→ **Task item**:
An exact transcription of all the records is required, minus the images.

→ **Source records**:
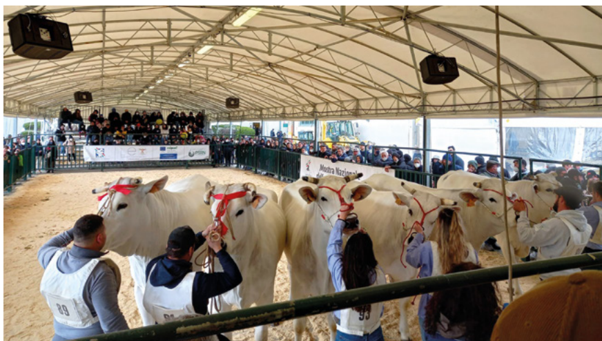
Un momento delle valutazioni
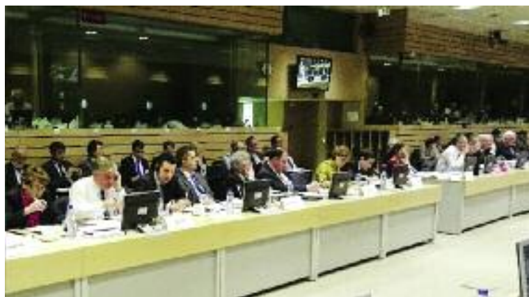
Posiedzenie unijnej Rady Ministrów ds. Rolnictwa i Rybołówstwa z udziałem ministra Krzysztofa Jurgiewicza

W trakcie roku prac w Radzie UE, Minister Rolnictwa i Rozwoju Wsi poruszał szereg istotnych dla polskiego i unijnego rolnictwa tematów, w tym zgłaszał stanowiska Polski w zakresie prezentowanych przez KE dokumentów, przekazywał własne propozycje do uwzględnienia w pracach Rady, aktualnej Prezydencji bądź KE. Należy mieć na uwadze, że część efektów prac Ministra
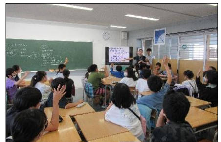
子安小学校での出前教室の様子
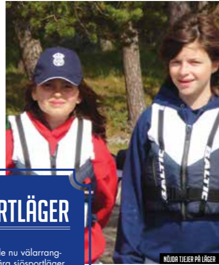
NÖJDA TJEJER PÅ LÄGER
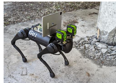
四足歩行ロボット

参加者様に、四足歩行ロボットの基本的な操縦及びAR技術を用いた遠隔臨場について実際に体験して頂きます。
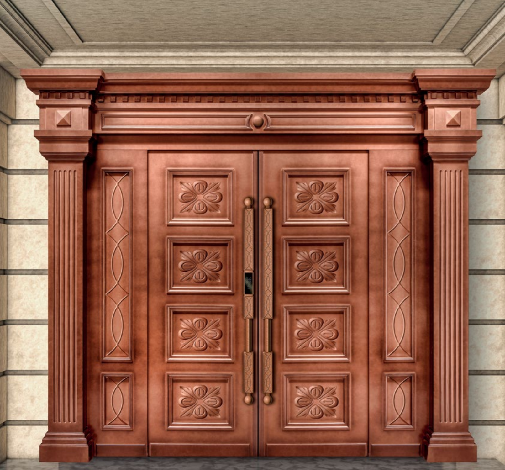
ПОРТАЛ КЛАССИКА I (КОНЦЕПЦИЯ)
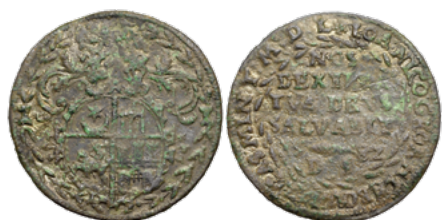
Падскарбуўка Яна Глябовіча (знойдзена ў Мастоўскім раёне), 1582 г.
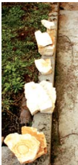
Sl. 9, 10 i 11 Uzorci sa "zatvorenim" slojnicama prije i poslije tretiranja vodom
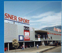
Media Markt, Conthey
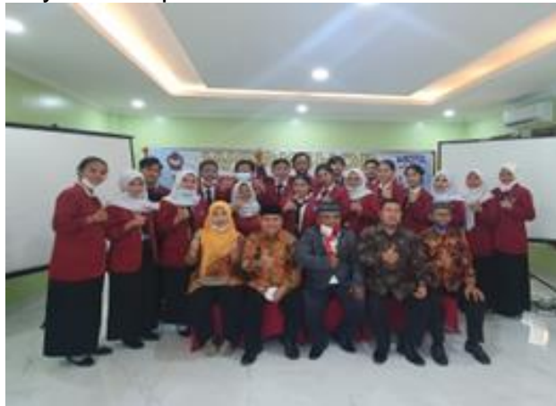
Gambar 4: Narasumber dan Peserta Workshop

Dari post test yang dilakukan setelah berakhirnya acara paparan, rata-rata peserta memahami akan pembuatan media promosi melalui instagram dan lainnya, artinya mereka mampu membuat sebuah media instagram untuk mempromosikan produk-produk yang mereka hasilkan. Dari kegiatan workshop ini diharapkan peserta dapat mengembangkannya, selanjutnya dapat menularkan ilmunya kepada calon-calon pengusaha dan terciptanya social preneur.
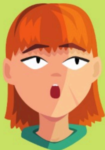
Chisme (Gn 37:2)

Los problemas familiares en la casa de Jacob contribuyeron como base para el ataque a José.
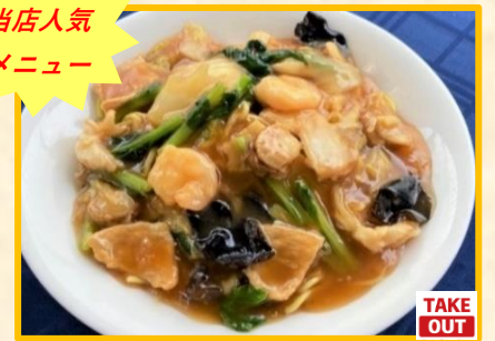
五目あんかけ焼きそば
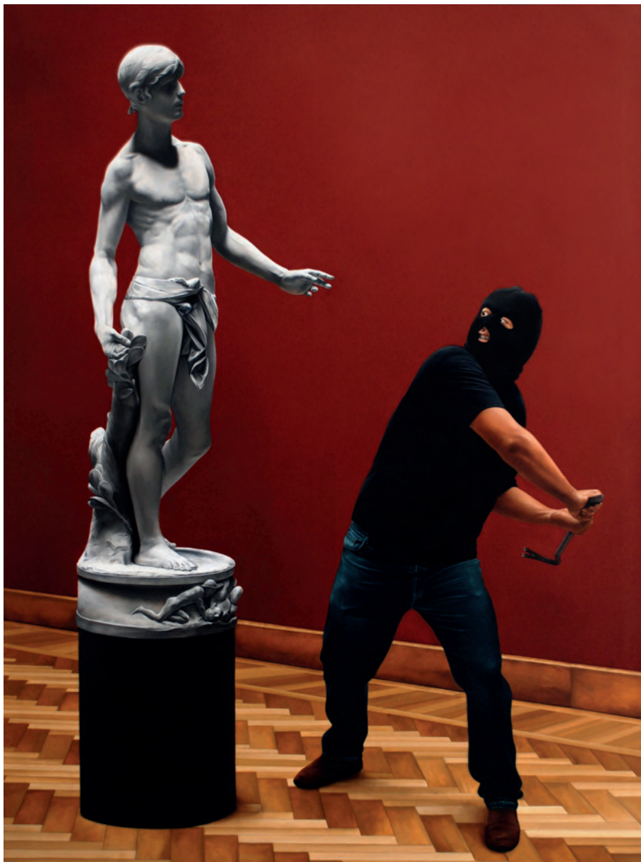
ACCIÓN DE ASALTO AL ARTE N° 10, AMBERES 2008 Óleo sobre lienzo 200x150
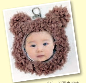
イメージ写真です

締め切り 2月13日(金) 17時まで 応募多数の場合は抽選 結果は2月16日(月)までに全員にメールで連絡

→ **Solution to this task**:
Un momento delle valutazioni
Posiedzenie unijnej Rady Ministrów ds. Rolnictwa i Rybołówstwa z udziałem ministra Krzysztofa Jurgiewicza

W trakcie roku prac w Radzie UE, Minister Rolnictwa i Rozwoju Wsi poruszał szereg istotnych dla polskiego i unijnego rolnictwa tematów, w tym zgłaszał stanowiska Polski w zakresie prezentowanych przez KE dokumentów, przekazywał własne propozycje do uwzględnienia w pracach Rady, aktualnej Prezydencji bądź KE. Należy mieć na uwadze, że część efektów prac Ministra
子安小学校での出前教室の様子
NÖJDA TJEJER PÅ LÄGER
四足歩行ロボット

参加者様に、四足歩行ロボットの基本的な操縦及びAR技術を用いた遠隔臨場について実際に体験して頂きます。
ПОРТАЛ КЛАССИКА I (КОНЦЕПЦИЯ)
Падскарбуўка Яна Глябовіча (знойдзена ў Мастоўскім раёне), 1582 г.
Sl. 9, 10 i 11 Uzorci sa "zatvorenim" slojnicama prije i poslije tretiranja vodom
Media Markt, Conthey
Gambar 4: Narasumber dan Peserta Workshop

Dari post test yang dilakukan setelah berakhirnya acara paparan, rata-rata peserta memahami akan pembuatan media promosi melalui instagram dan lainnya, artinya mereka mampu membuat sebuah media instagram untuk mempromosikan produk-produk yang mereka hasilkan. Dari kegiatan workshop ini diharapkan peserta dapat mengembangkannya, selanjutnya dapat menularkan ilmunya kepada calon-calon pengusaha dan terciptanya social preneur.
Chisme (Gn 37:2)

Los problemas familiares en la casa de Jacob contribuyeron como base para el ataque a José.
五目あんかけ焼きそば
ACCIÓN DE ASALTO AL ARTE N° 10, AMBERES 2008 Óleo sobre lienzo 200x150
イメージ写真です

締め切り 2月13日(金) 17時まで 応募多数の場合は抽選 結果は2月16日(月)までに全員にメールで連絡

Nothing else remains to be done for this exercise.